New South Wales Heritage Register
- Official name: Bridge over Tunks (Pearces) Creek; Pearces Creek Bridge
- Type: State heritage (built)
- Designated: 20 June 2000
- Reference no.: 1478
- Type: Road Bridge
- Category: Transport – Land
- Builders: NSW Department of Public Works

Location

References

= Tunks Creek Bridge =

The Tunks Creek Bridge is a heritage-listed timber truss road bridge that carries Galston Road (Main Road 161) across Tunks Creek, in Galston, New South Wales, Australia. The bridge spans Tunks Creek in the valley of the Galston Gorge. The road through the gorge provides a link between Hornsby Heights and Galston, suburbs of Sydney. The bridge is also known as the Bridge over Tunks (Pearces) Creek and Pearces Creek Bridge.
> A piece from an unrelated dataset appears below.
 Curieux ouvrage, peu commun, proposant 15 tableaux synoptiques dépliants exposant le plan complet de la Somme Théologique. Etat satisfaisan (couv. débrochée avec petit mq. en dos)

The bridge is owned by Transport for NSW. It was added to the New South Wales State Heritage Register on 20 June 2000.

== History ==
Timber truss road bridges were extensively used in New South Wales because of the high quality of local hardwoods and the shortage of steel during the early decades of settlement of the state. The timber truss was highly developed for bridges in New South Wales, perhaps more so than anywhere else in the world at that time. The McDonald truss is a significant evolutionary link in the development of timber road bridges in New South Wales and has three standard span lengths, 65 ft, 75 ft and 90 ft.

== Description ==
The Galston Bridge is a single-span timber McDonald truss bridge located on Galston Road. It was built between 1893 and 1894 by the NSW Department of Public Works and crosses Tunks Creek in Galston Gorge, east of Hornsby. At 65 ft, the bridge is the shortest of all the remaining timber truss bridges in NSW. The bridge is supported at each end on timber abutments which also retain the road earthworks. The bridge width is 15 ft between kerbs and at both ends the approach road turns sharply at right angles. This bridge will be preserved without upgrading with modern materials as it does not have to carry heavy loads due to the winding and scenic Galston Road having a load limit.
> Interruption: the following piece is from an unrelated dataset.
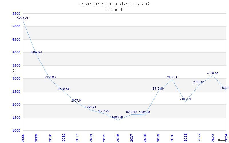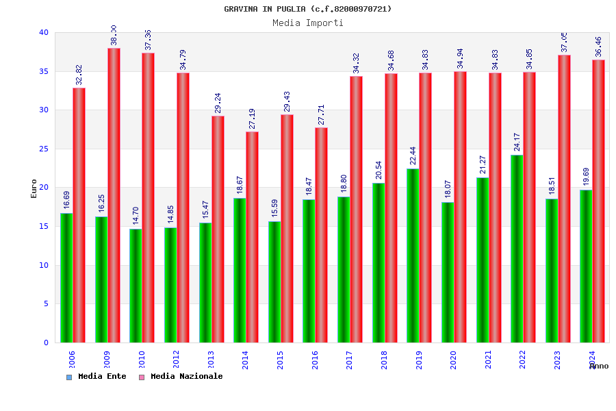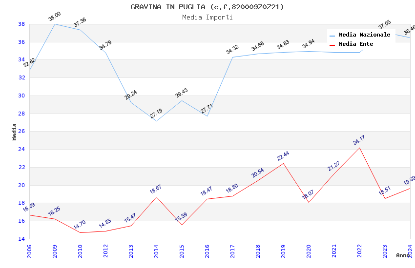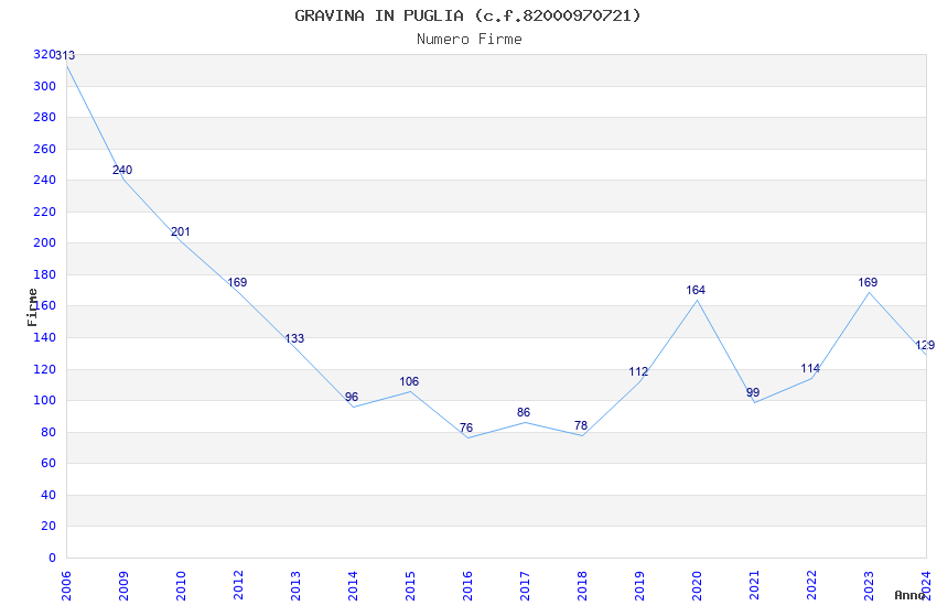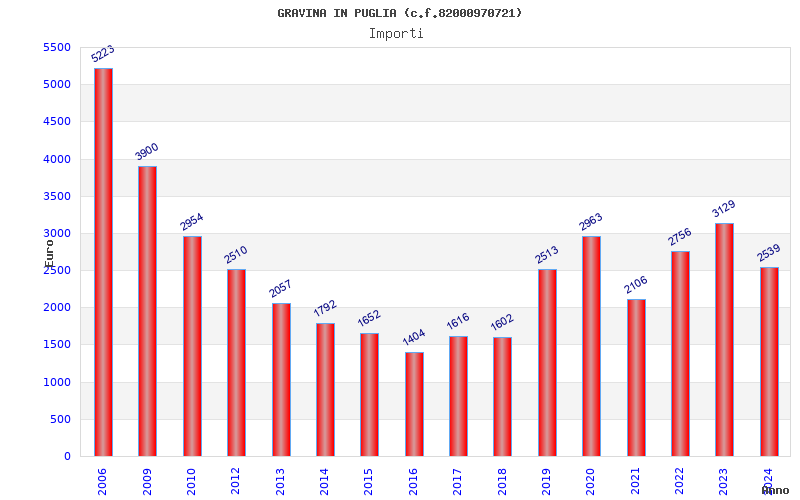 | Anno | Firme | Importi | Media | Naz. | Reg. | Prov. | Comu. |

The bridge has only one lane, with give-way signs on both ends of the bridge, so that traffic already on the bridge is given priority. The bridge was built at a cost of A£265.

=== Modifications and dates ===
The following modifications and changes have been made to the bridge:
- 1958centre pile replaced.
- 1961–1963some cross girders and truss members replaced. Two timber piles and short timber headstock erected against Hornsby side abutment.
- 1978replacement of some girders, decking and steel plating.
- c. 1980some struts and deck planks replaced.

=== Condition ===
The original condition assessment, as at July 2002, was 'currently in good condition following major repairs' between November 2001 and February 2002. In April 2009 the condition was updated to 'good'.

== Heritage listing ==
The Tunks Creek bridge was listed on the New South Wales State Heritage Register on 20 June 2000.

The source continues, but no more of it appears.